### [Your instructions]
Please set out each line below exactly as it stands, without the images.

Excerpts from a dataset:
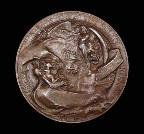 Obverse with elaborate crowned bust to right, reverse with a winged figure, representing Art, standing on the stern-castle of the Ship of State within legend 'ART SAILETH THOUGH LIFE FAILETH'.
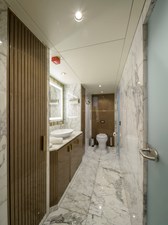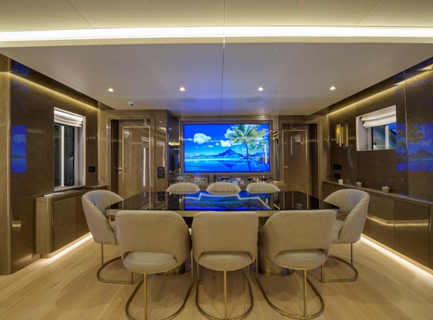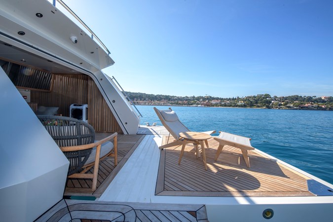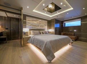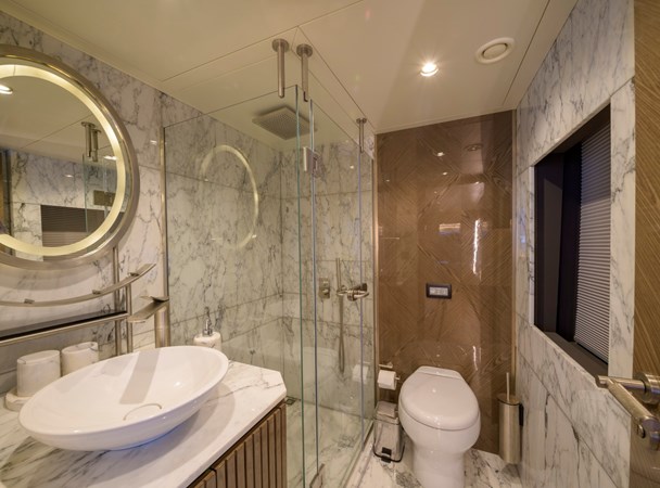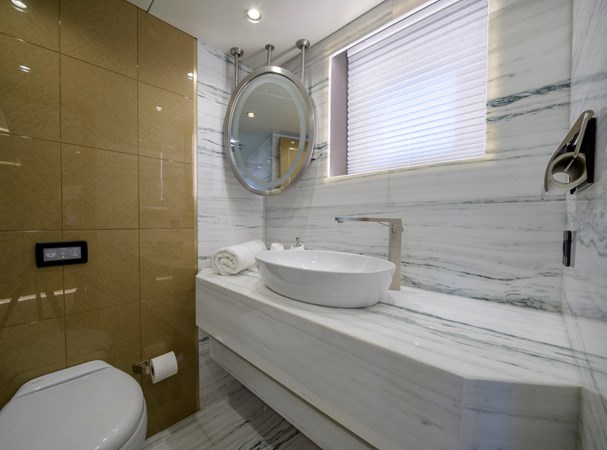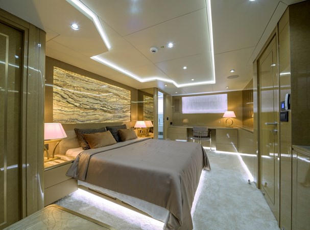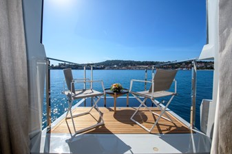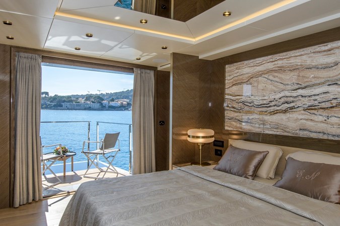 Her beautifully styled interior is light-filled and contemporary, offering a large salon, an elegant indoor dining area, and a fully equipped bar. Accommodation is designed for up to 10 guests in five luxurious cabins, including two master suites—one full-beam on the main deck forward and the other on the upper deck—as well as a full-beam VIP cabin and two twin cabins on the lower deck.
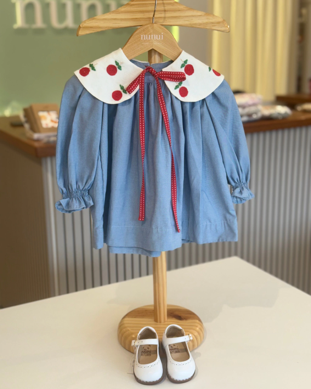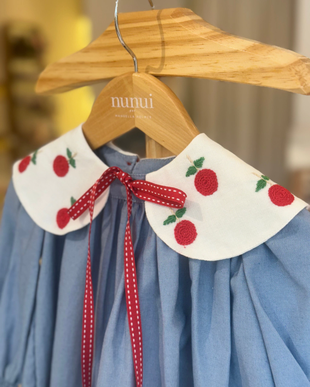 O destaque fica por conta da gola ampla branca, com delicados bordados de cerejinhas vermelhas e folhas verdes — um detalhe feito à mão que transforma a peça em algo verdadeiramente especial. O laço em fita de poá vermelho complementa o look com um toque vibrante.
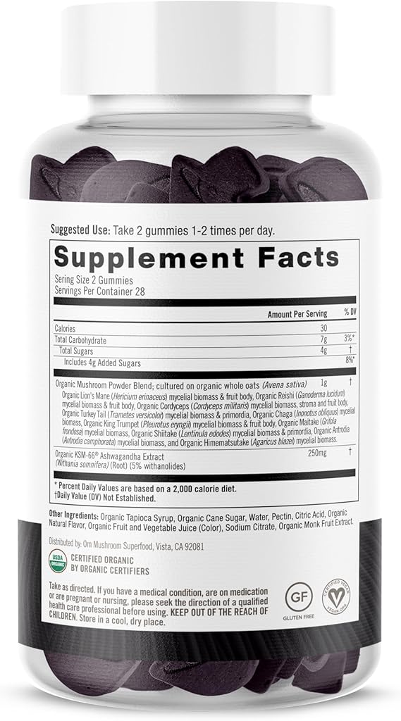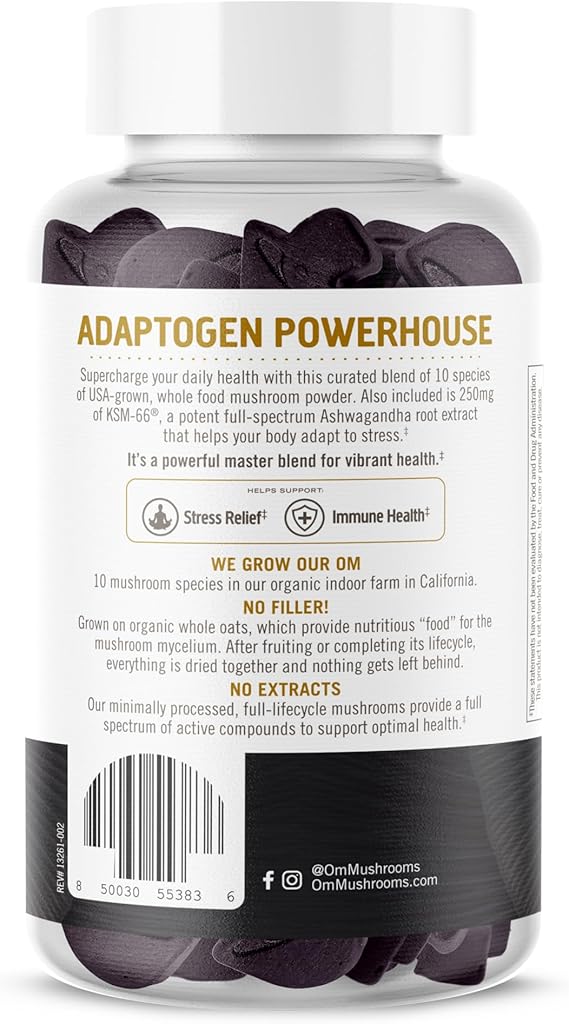 Om Mushroom Superfood Master Blend Mushroom Gummies: Contains 56 gummies (28 servings) of 10 species of USA grown, organic whole food mushrooms including Cordyceps, Reishi, Lion’s Mane, Turkey Tail, Chaga, and more. It’s a powerful master blend for vibrant health*
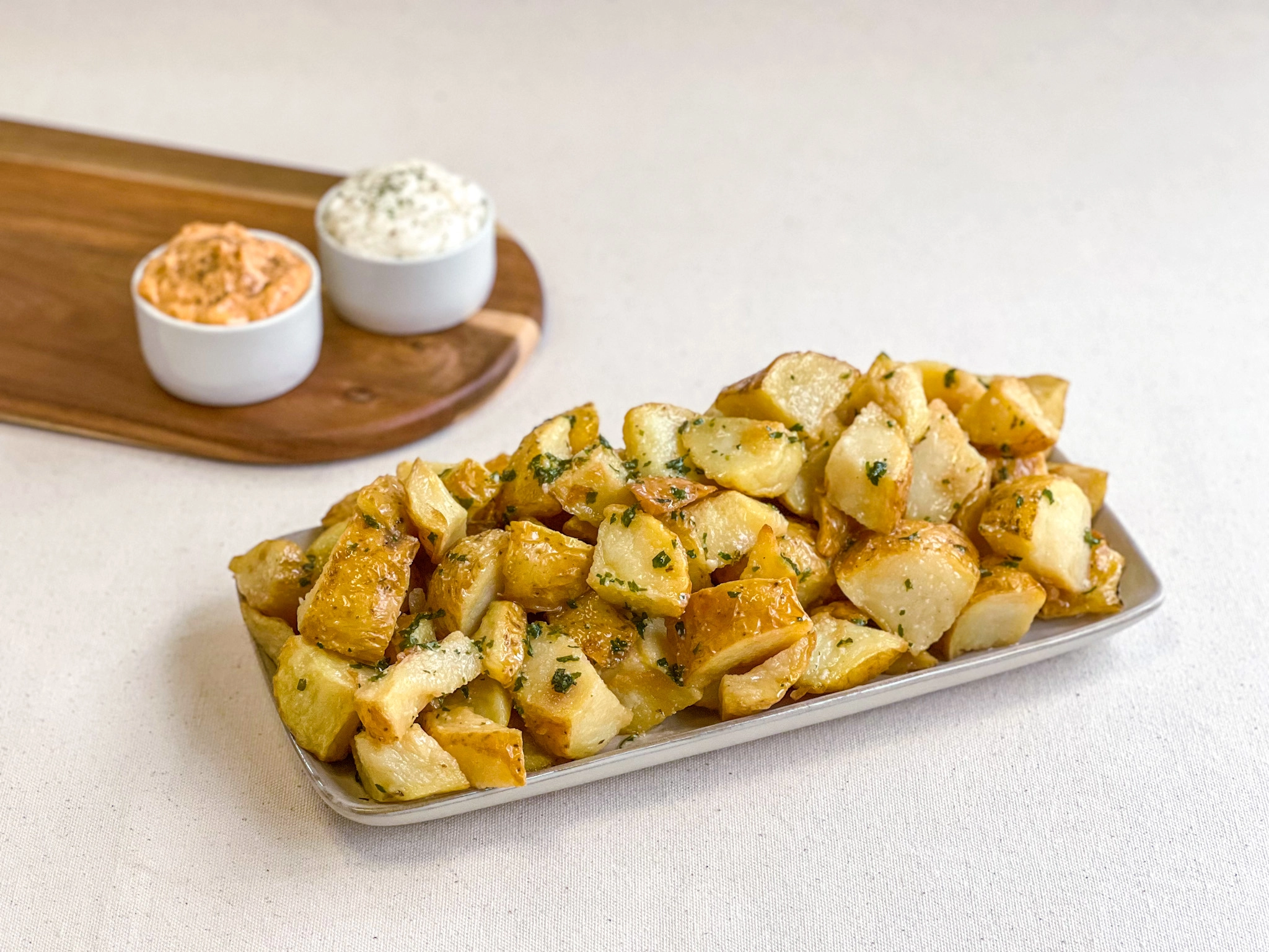 Menu 3 Un pollo con patatas bravas o al caliu y 6 canelones
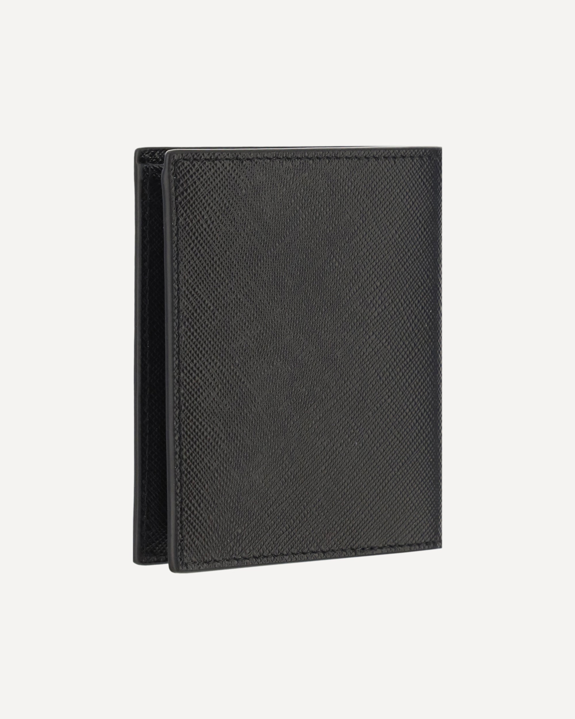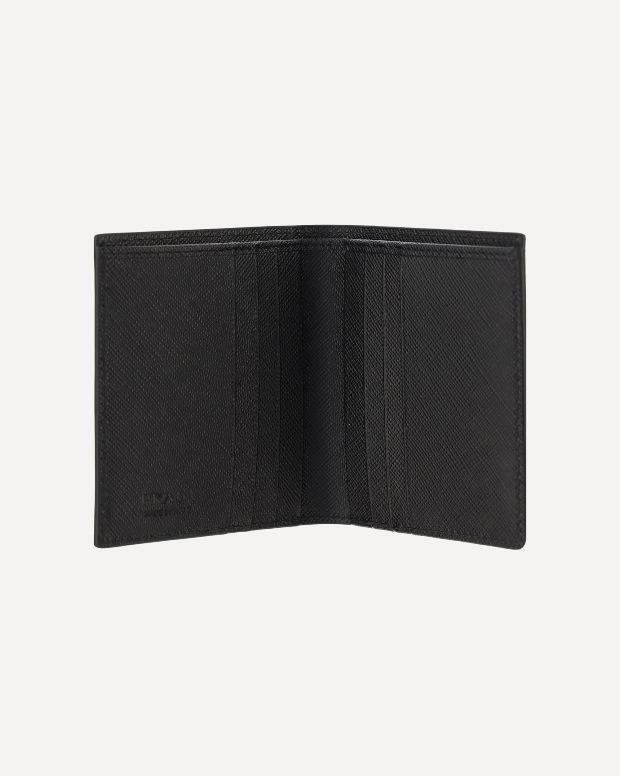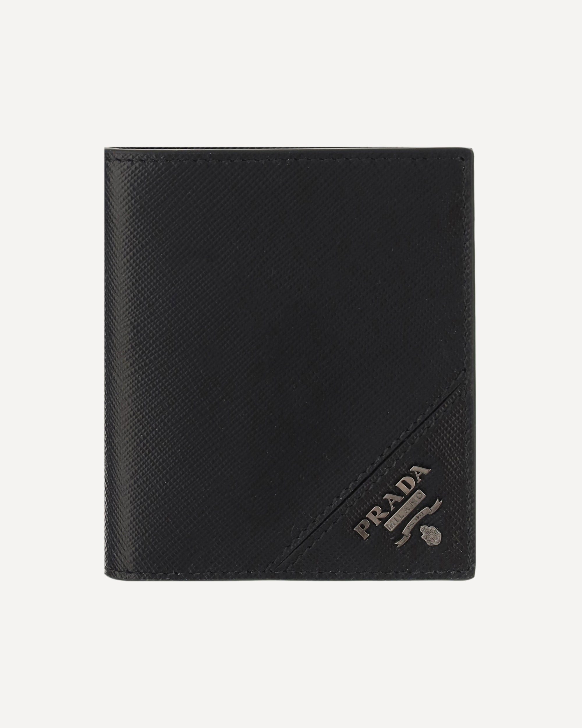 Prada's Leather Wallet combines elegance and functionality in a refined billfold design. The front features a metal plaque with the iconic logo, while the interior is organized with card slots, two open pockets and a top compartment. The embossed logo print on the inside completes the model with a classy detail typical of the brand.
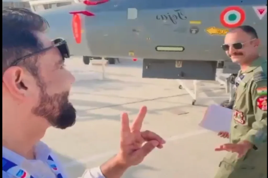 बता दें कि इस वीडियो को मेजर सुरेंद्र पूनिया नाम के एक्स हैंडल से शेयर किया गया है। वीडियो बनाता एक व्यक्ति नजर आ रहा है, जिसके पीछे भारत की शान तेजस खड़ा है। कुछ सेकेंड बाद नमांश स्याल वहां से गुजरते है। वह वीडियो की तरफ देखते है। अपना हालत हिलाते और मुस्कुराते हुए आगे की तरफ बढ़ जाते है।
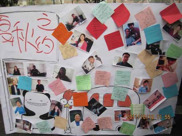 活動前期,電院團委的工作人員征集了學校老師以及大一新生對于校慶的祝福,并將照片與寄語在現場加以展示。由于本次活動是6月份“夏秋之約—第一季”的傳承,因此也一并展出了第一季活動中征集的已畢業的大四學長對學校的美好寄語。而學長學姐們的祝愿紙條也和獎券一并放入了抽獎盒中。
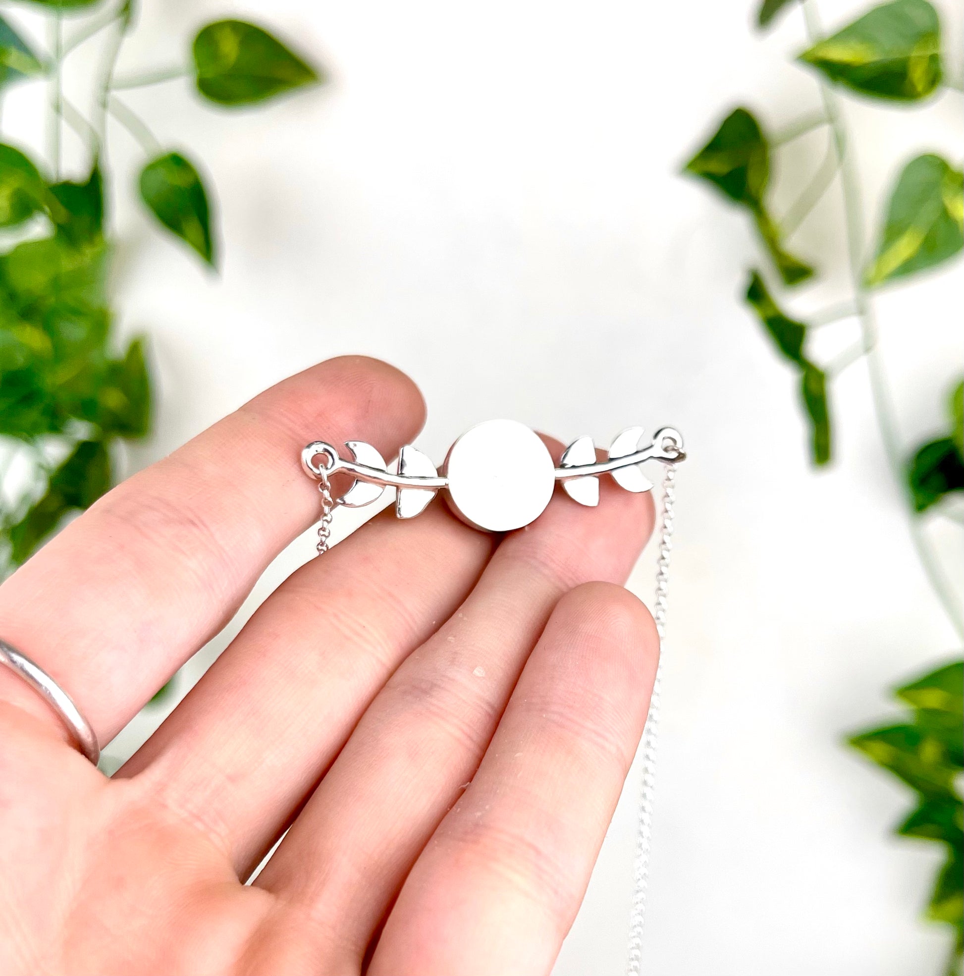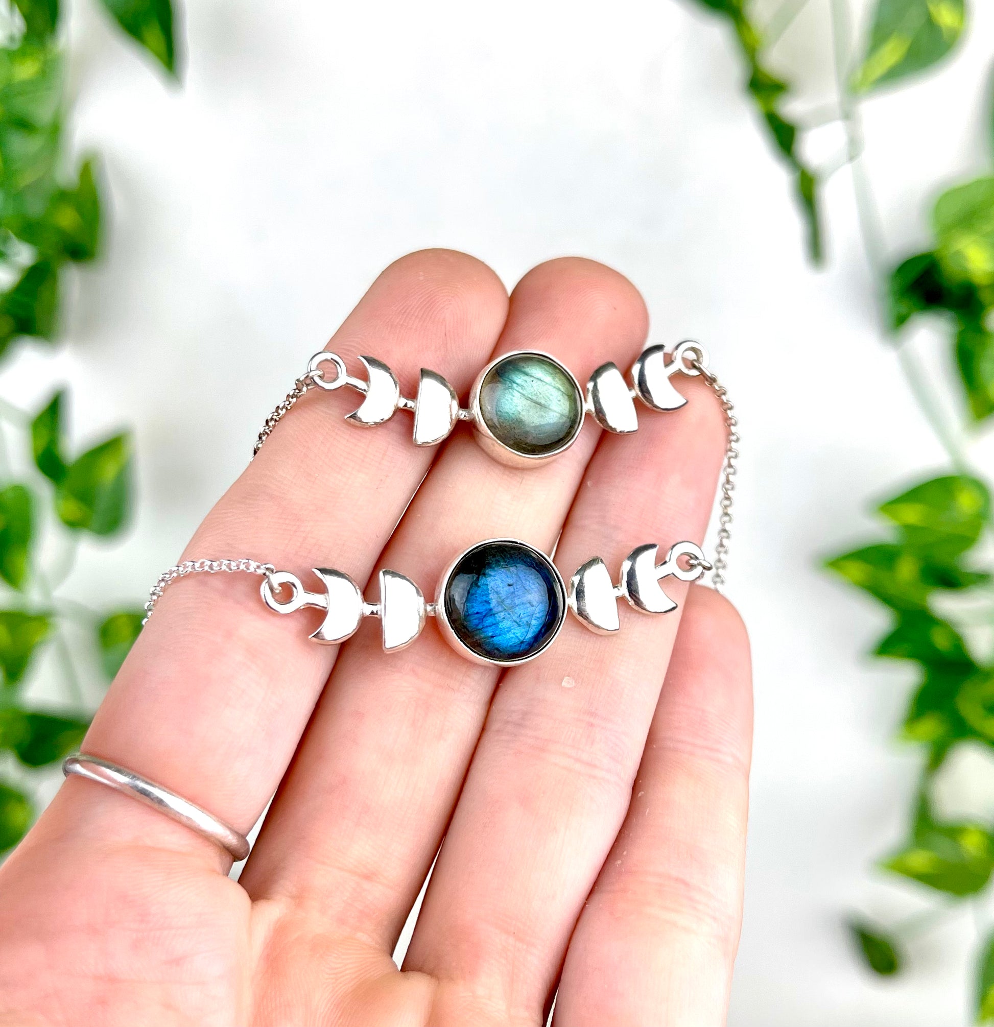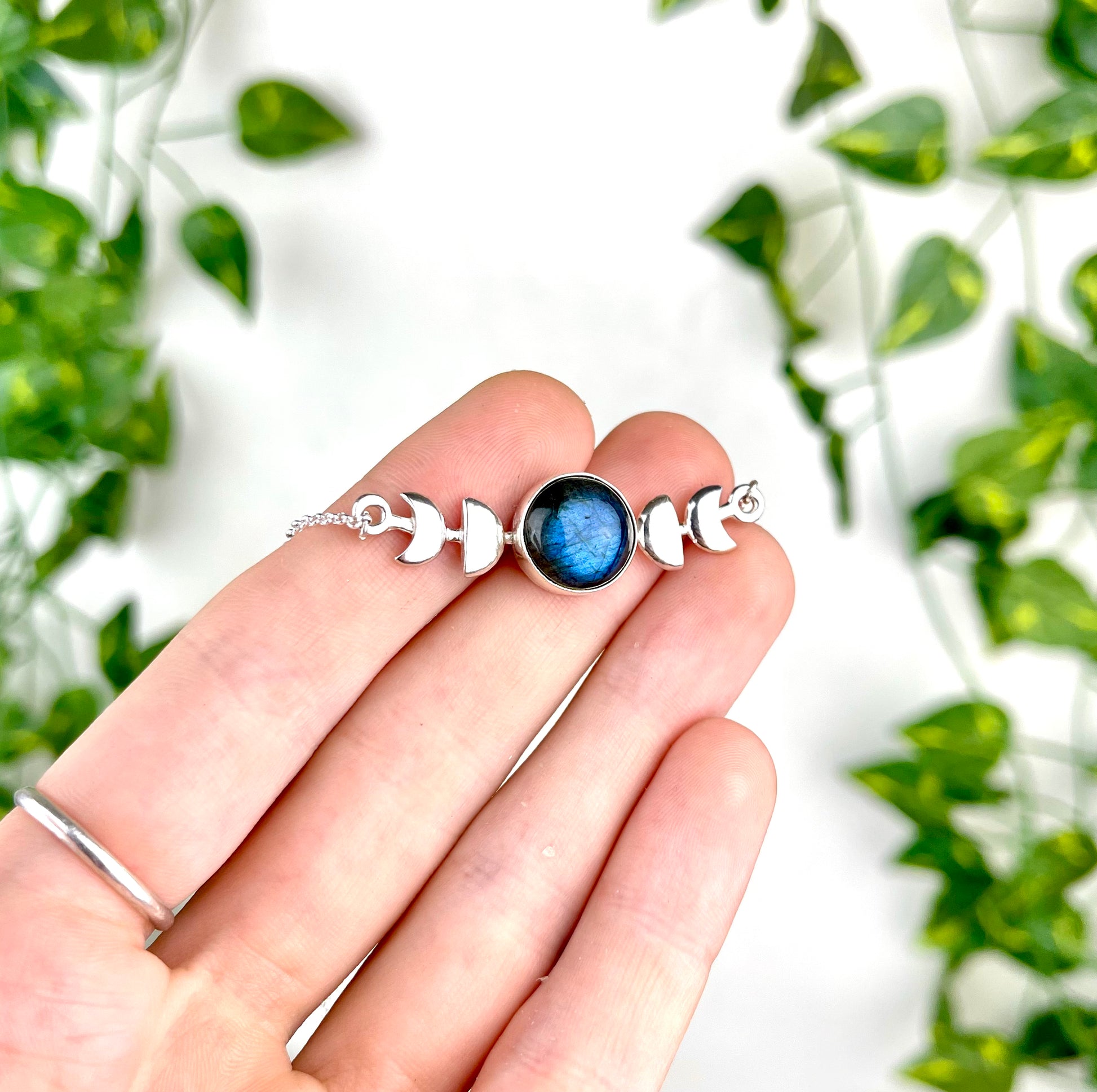 Embrace the magic of the cosmos with our Moon Phases Necklace featuring a stunning labradorite centerpiece. This enchanting piece beautifully captures the lunar cycle, showcasing the moon's phases from new moon to full moon. The labradorite stone adds a mystical touch, reflecting vibrant colors with every movement. Perfect for any celestial lover, this necklace is a timeless accessory that brings the beauty of the night sky to your everyday style.

### [Answer to this exercise]
 Obverse with elaborate crowned bust to right, reverse with a winged figure, representing Art, standing on the stern-castle of the Ship of State within legend 'ART SAILETH THOUGH LIFE FAILETH'.
 Her beautifully styled interior is light-filled and contemporary, offering a large salon, an elegant indoor dining area, and a fully equipped bar. Accommodation is designed for up to 10 guests in five luxurious cabins, including two master suites—one full-beam on the main deck forward and the other on the upper deck—as well as a full-beam VIP cabin and two twin cabins on the lower deck.
 O destaque fica por conta da gola ampla branca, com delicados bordados de cerejinhas vermelhas e folhas verdes — um detalhe feito à mão que transforma a peça em algo verdadeiramente especial. O laço em fita de poá vermelho complementa o look com um toque vibrante.
 Om Mushroom Superfood Master Blend Mushroom Gummies: Contains 56 gummies (28 servings) of 10 species of USA grown, organic whole food mushrooms including Cordyceps, Reishi, Lion’s Mane, Turkey Tail, Chaga, and more. It’s a powerful master blend for vibrant health*
 Menu 3 Un pollo con patatas bravas o al caliu y 6 canelones
 Prada's Leather Wallet combines elegance and functionality in a refined billfold design. The front features a metal plaque with the iconic logo, while the interior is organized with card slots, two open pockets and a top compartment. The embossed logo print on the inside completes the model with a classy detail typical of the brand.
 बता दें कि इस वीडियो को मेजर सुरेंद्र पूनिया नाम के एक्स हैंडल से शेयर किया गया है। वीडियो बनाता एक व्यक्ति नजर आ रहा है, जिसके पीछे भारत की शान तेजस खड़ा है। कुछ सेकेंड बाद नमांश स्याल वहां से गुजरते है। वह वीडियो की तरफ देखते है। अपना हालत हिलाते और मुस्कुराते हुए आगे की तरफ बढ़ जाते है।
 活動前期,電院團委的工作人員征集了學校老師以及大一新生對于校慶的祝福,并將照片與寄語在現場加以展示。由于本次活動是6月份“夏秋之約—第一季”的傳承,因此也一并展出了第一季活動中征集的已畢業的大四學長對學校的美好寄語。而學長學姐們的祝愿紙條也和獎券一并放入了抽獎盒中。
 Embrace the magic of the cosmos with our Moon Phases Necklace featuring a stunning labradorite centerpiece. This enchanting piece beautifully captures the lunar cycle, showcasing the moon's phases from new moon to full moon. The labradorite stone adds a mystical touch, reflecting vibrant colors with every movement. Perfect for any celestial lover, this necklace is a timeless accessory that brings the beauty of the night sky to your everyday style.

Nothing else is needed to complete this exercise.